Word for word, the data below must be repeated in full; no picture is to be included.
== DATASET EXTRACT ==
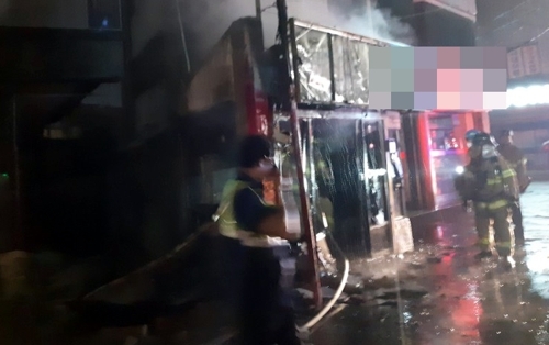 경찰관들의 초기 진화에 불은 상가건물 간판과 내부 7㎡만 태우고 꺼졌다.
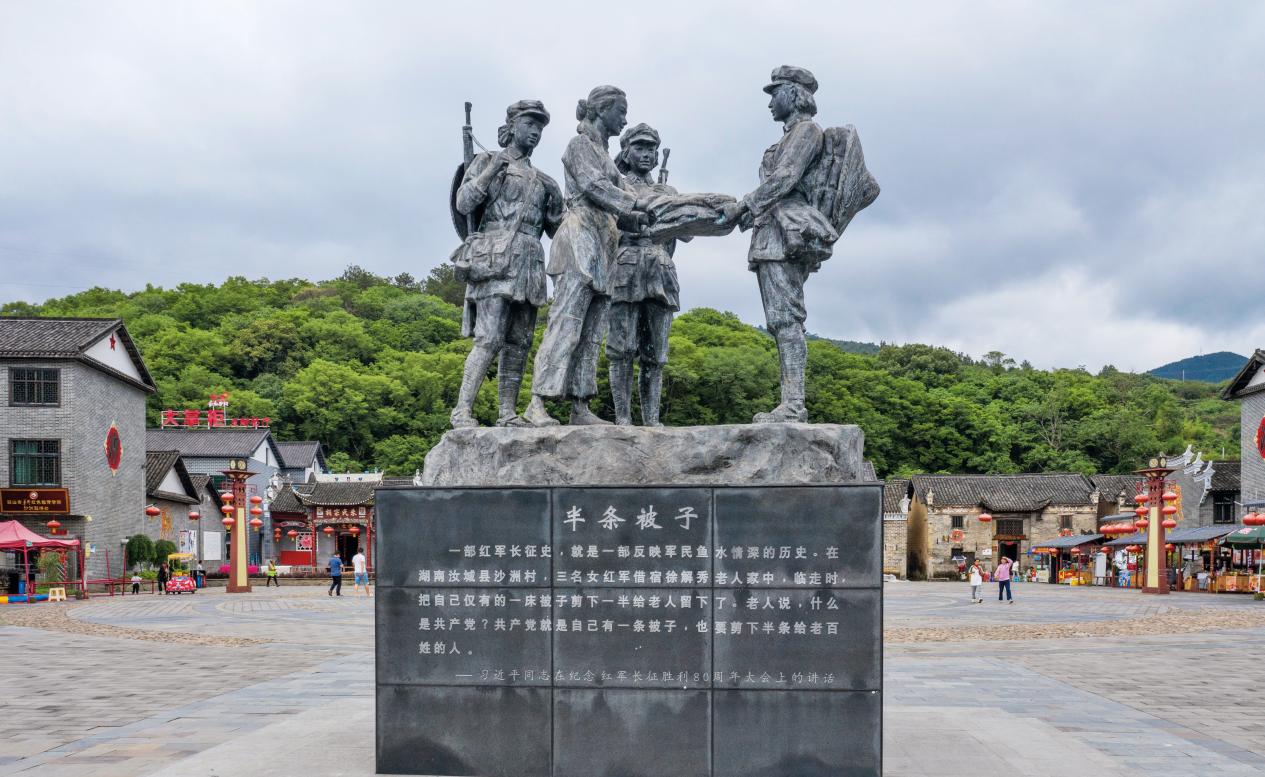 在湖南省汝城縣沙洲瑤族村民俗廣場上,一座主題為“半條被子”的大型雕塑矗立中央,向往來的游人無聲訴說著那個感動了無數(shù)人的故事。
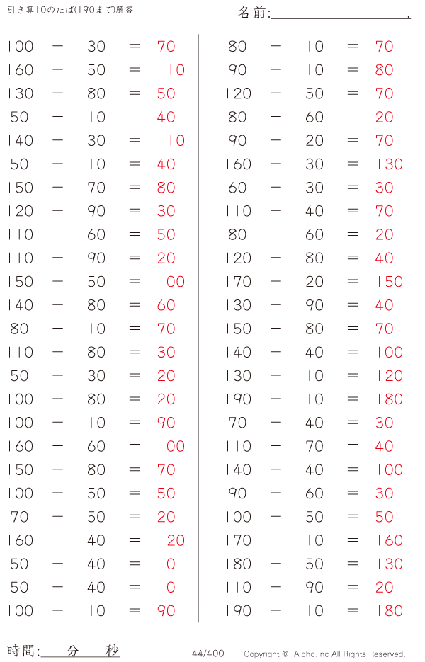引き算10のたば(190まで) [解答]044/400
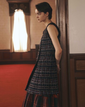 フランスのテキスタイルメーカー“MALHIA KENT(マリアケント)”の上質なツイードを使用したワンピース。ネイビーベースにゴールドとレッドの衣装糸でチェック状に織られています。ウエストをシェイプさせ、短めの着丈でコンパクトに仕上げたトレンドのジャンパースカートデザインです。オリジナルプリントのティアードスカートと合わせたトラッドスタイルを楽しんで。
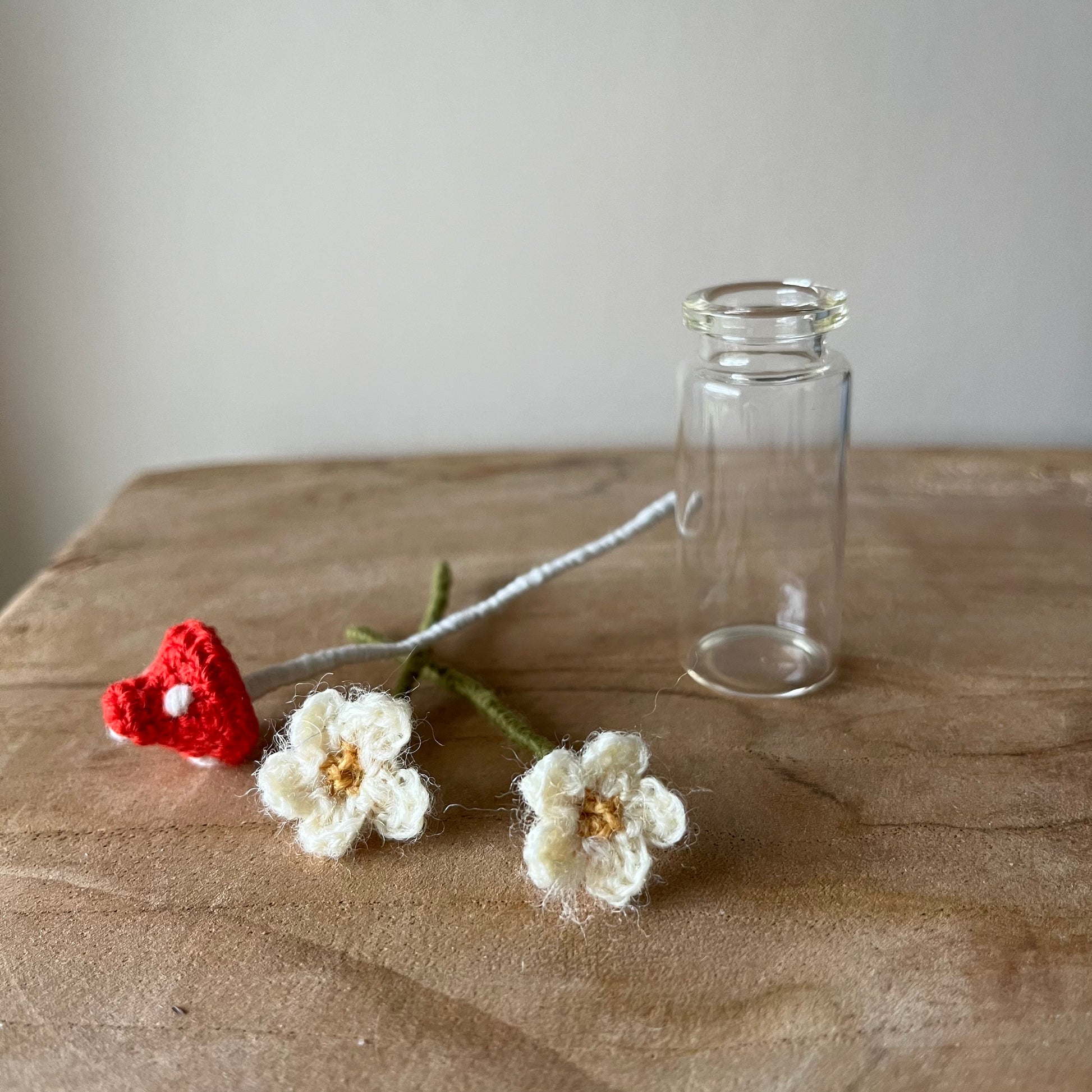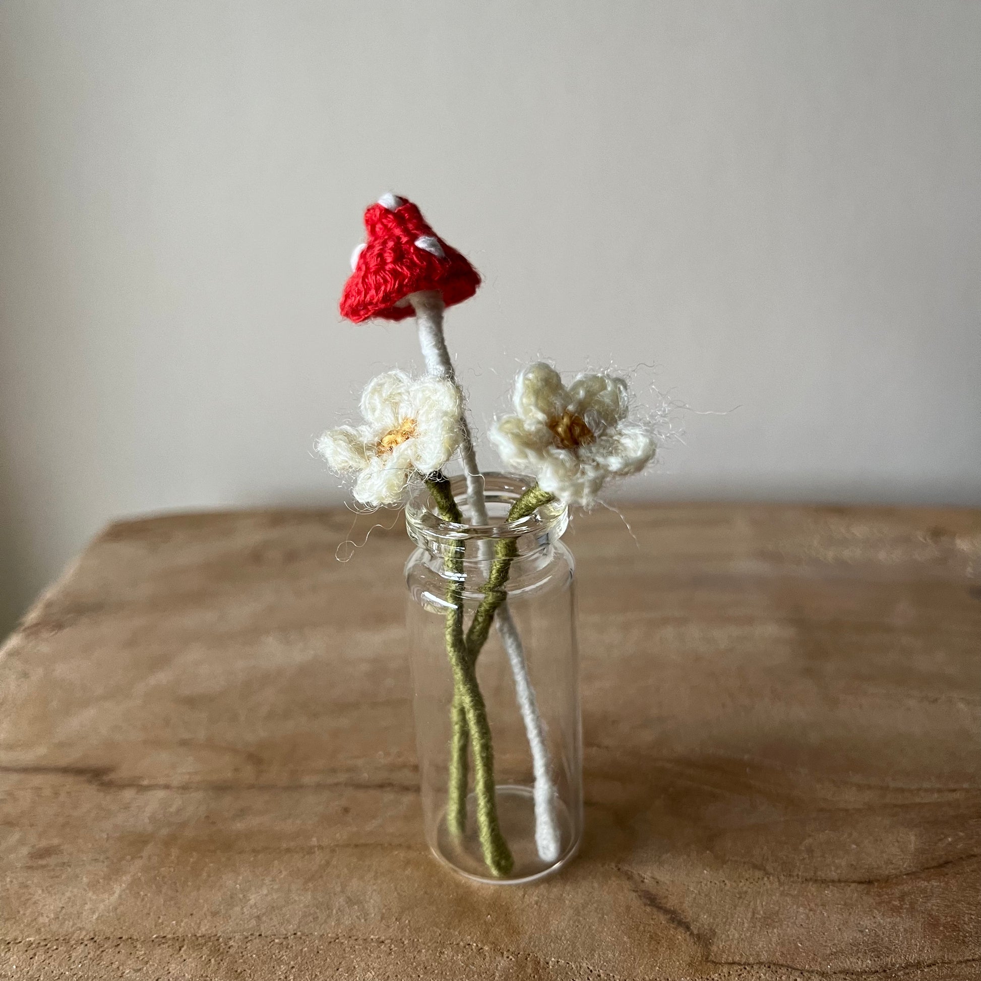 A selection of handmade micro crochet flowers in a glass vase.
===
* [ANSWER TO THIS PROBLEM]
 경찰관들의 초기 진화에 불은 상가건물 간판과 내부 7㎡만 태우고 꺼졌다.
 在湖南省汝城縣沙洲瑤族村民俗廣場上,一座主題為“半條被子”的大型雕塑矗立中央,向往來的游人無聲訴說著那個感動了無數(shù)人的故事。
引き算10のたば(190まで) [解答]044/400
 フランスのテキスタイルメーカー“MALHIA KENT(マリアケント)”の上質なツイードを使用したワンピース。ネイビーベースにゴールドとレッドの衣装糸でチェック状に織られています。ウエストをシェイプさせ、短めの着丈でコンパクトに仕上げたトレンドのジャンパースカートデザインです。オリジナルプリントのティアードスカートと合わせたトラッドスタイルを楽しんで。
 A selection of handmade micro crochet flowers in a glass vase.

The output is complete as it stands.